Singles from Voice of America
- "Solidarity" Released: August 1983; "Out of the Darkness" Released: May 1984; "Undefeated (Everybody Goes Home)" Released: August 1984;

= Voice of America (Little Steven album) =

Voice of America is the second solo studio album by Little Steven & the Disciples of Soul released on May 7, 1984, four weeks before Bruce Springsteen released Born in the U.S.A.

This album traded in the horns and the R&B influences of the previous Men Without Women for a raw, garage rock sound. Politics came to the lyrical forefront, with the general theme being opposition to the Reagan Era's American foreign policy.

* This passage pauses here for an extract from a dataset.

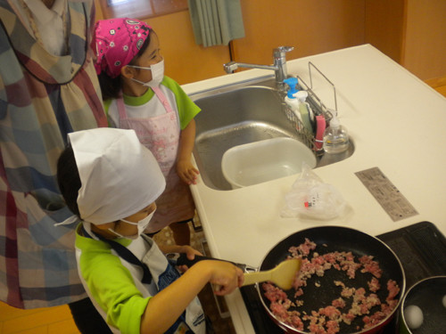 ひき肉や玉ねぎを炒める、コロッケを成型する・・・などやること盛り沢山でした!

"Out of the Darkness", a synthesizer-led anthem with sweeping arena rock and hair metal atmosphere, garnered some airplay, as well as music video play on MTV, and was effective in concert, while the somewhat softer and evocative "Checkpoint Charlie" also received considerable radio airplay. "Los Desaparecidos" gained praise as an effective protest song on behalf of the 1970s and 1980s victims of state-sponsored forced disappearance in South America. On other songs, the political viewpointing became more strident and was criticized as somewhat artless.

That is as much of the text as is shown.